17

Just after two o'clock on Wednesday afternoon, Lieutenant Rigoberto Gonzalez of the Monterey County Sheriff's Department- early forties, perfectly pressed uniform, carefully trimmed black mustache-met Pender in the alley next to the old jail, abandoned now except for the ground-floor cellblock in the east wing, and led him from the brightness of a sunny Salinas afternoon into the gloomy half-light of the jail. Directly ahead of them were sliding barred doors. Gonzalez turned right instead, and Pender followed him into a messy, crowded, claustrophobic little room that looked more like the office of an old-time two-pump country gas station than the command post for a metropolitan jail.

“You carrying?” asked Gonzalez, unholstering his own weapon, the sheriff's department standard-issue Glock. 40. Pender handed his SIG Sauer to Gonzalez, butt first; the deputy checked it out. “I thought you guys carry Glocks now.”

“I'm more comfortable with the SIG.”

“Not as much stopping power with a nine as with a forty.”

“The dual action is faster, though. I figure I can always shoot 'em twice.” Pender hadn't actually fired a shot in anger since his days as a Cortland County sheriff's deputy, but he remained range-qualified with both pistol and shotgun.

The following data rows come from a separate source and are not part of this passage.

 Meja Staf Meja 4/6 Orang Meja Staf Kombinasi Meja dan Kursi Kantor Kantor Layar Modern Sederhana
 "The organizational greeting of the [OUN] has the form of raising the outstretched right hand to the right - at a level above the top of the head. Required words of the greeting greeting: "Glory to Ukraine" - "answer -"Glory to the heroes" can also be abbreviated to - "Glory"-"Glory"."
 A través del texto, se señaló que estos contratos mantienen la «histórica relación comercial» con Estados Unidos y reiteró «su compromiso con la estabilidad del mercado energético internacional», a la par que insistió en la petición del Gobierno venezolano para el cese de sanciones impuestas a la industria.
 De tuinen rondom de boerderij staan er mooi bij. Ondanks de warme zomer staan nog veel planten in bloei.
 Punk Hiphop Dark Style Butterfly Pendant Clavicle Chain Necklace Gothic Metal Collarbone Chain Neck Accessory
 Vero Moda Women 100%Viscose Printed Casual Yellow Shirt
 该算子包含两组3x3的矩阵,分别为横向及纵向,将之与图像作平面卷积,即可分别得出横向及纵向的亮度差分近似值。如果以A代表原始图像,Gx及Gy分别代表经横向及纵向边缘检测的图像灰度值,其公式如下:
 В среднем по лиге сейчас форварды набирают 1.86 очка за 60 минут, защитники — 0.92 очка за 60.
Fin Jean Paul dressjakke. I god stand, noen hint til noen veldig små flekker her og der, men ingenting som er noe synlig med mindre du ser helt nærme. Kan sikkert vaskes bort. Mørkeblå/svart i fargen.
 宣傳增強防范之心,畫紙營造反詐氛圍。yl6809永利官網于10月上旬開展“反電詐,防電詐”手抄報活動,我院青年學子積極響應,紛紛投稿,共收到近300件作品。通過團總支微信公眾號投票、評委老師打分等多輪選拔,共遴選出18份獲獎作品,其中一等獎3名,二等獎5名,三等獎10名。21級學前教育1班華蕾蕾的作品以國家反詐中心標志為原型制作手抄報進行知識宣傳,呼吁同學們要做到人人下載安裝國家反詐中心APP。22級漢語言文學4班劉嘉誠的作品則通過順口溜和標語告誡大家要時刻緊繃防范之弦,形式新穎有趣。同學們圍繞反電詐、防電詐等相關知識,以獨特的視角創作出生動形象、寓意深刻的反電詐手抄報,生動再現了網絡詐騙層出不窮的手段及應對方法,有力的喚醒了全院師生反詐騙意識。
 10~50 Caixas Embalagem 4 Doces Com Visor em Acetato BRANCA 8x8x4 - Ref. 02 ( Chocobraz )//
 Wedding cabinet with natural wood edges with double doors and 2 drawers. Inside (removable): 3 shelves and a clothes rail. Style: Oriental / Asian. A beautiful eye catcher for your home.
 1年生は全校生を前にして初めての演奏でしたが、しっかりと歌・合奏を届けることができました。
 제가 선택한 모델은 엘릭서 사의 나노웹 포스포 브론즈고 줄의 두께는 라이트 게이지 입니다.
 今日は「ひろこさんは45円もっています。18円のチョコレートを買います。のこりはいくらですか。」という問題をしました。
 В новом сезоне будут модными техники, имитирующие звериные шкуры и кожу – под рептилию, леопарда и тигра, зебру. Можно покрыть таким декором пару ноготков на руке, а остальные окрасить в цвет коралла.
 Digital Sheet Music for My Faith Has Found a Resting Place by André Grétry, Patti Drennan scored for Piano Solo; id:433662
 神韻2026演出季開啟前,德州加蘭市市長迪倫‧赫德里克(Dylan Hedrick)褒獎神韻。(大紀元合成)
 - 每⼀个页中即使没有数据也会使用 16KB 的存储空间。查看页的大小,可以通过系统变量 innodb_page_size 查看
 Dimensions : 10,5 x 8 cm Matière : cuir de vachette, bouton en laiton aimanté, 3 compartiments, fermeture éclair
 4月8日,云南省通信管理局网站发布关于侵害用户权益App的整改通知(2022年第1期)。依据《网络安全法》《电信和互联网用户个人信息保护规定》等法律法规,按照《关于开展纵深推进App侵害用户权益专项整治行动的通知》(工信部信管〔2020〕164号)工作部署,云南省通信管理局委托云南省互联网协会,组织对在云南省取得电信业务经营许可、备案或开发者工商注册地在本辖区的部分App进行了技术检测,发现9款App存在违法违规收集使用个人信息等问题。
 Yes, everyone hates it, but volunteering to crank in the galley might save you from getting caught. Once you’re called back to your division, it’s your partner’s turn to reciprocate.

After locking up the guns and introducing Pender to Frank Twombley and Deena Knapp, the two deputies on duty, Gonzalez led Pender through the office-they were now on the other side of the sliding barred doors-then to the left, down a narrow corridor to the jail's old visiting room, bare save for a single metal bench suspended like a shelf from the back wall. The windows that had once separated the inmates from their loved ones were boarded up, the telephones gone, their torn wires sticking out from the wall at three-foot intervals.

“You can change in here.” Gonzalez handed Pender a paper bag containing an orange jumpsuit, a gray T-shirt, white socks, and rubber sandals.

Pender asked Gonzalez if there was any significance to the variety of jumpsuit colors he'd seen the inmates wearing.

“Orange is for your violent felons, red for nonviolent felons, green for misdemeanors.”

“So I'm a violent felon?”

“You'd have to be, for us to put you in with the Ripper. We keep the prisoners strictly segregated in the holding cells.”

“You call him the Ripper?” asked Pender, unfolding the jumpsuit and checking it for size. XXL-close enough.

“Did you see what he did to that girl?”

“Unfortunately, yes-I saw the autopsy photos.”

Gonzalez left Pender in the visiting room, returning a few minutes later with a full set of handcuffs, leg irons, chains, and a padlocking belt to pull the ensemble together. When he finished securing Pender, he stepped back and nodded approvingly. Bald, scowling, immense, the FBI man might have been the enforcer for a gang of over-the-hill outlaw bikers.

“Agent Pender, you could give mean a bad name. What do you want to be in for?”

“What do I look like I'd be in for?”

Gonzalez narrowed his eyes, gave Pender an exaggerated onceover. “How about rape? No offense.”

“None taken. But with a face like mine, who'd ever believe I had trouble getting any?”

The deputy grinned. “With a face like yours,” he said, “we should probably make it serial rape.”

The holding cells were at the opposite end of the corridor. Gonzalez opened the metal cabinet containing the door control panel beside the entrance to the cell block. Inside the cabinet were four vertically sliding knobs above a solid steel wheel eighteen inches in diameter. All four knobs were down in the red, or closed, position; Gonzalez raised the fourth until it showed yellow, then cranked the big wheel clockwise.

Ready? mouthed Gonzalez.

Pender nodded.

“Then let's go, pendejo!”

Gonzalez stepped behind Pender and shoved him through the portal into the darkness. Pender stumbled forward down the dim corridor. A high windowless wall loomed to his left. To the right, his peripheral vision picked up dozens of shadowy figures stirring restlessly behind floor-to-ceiling bars, visible only in silhouette and motion, like nocturnal animals in the zoo when the infrareds are turned off. Then, before Pender's eyes had a chance to become accustomed to the tenebrous light, Gonzalez slid the last door open, shoved Pender inside, and he was one of them.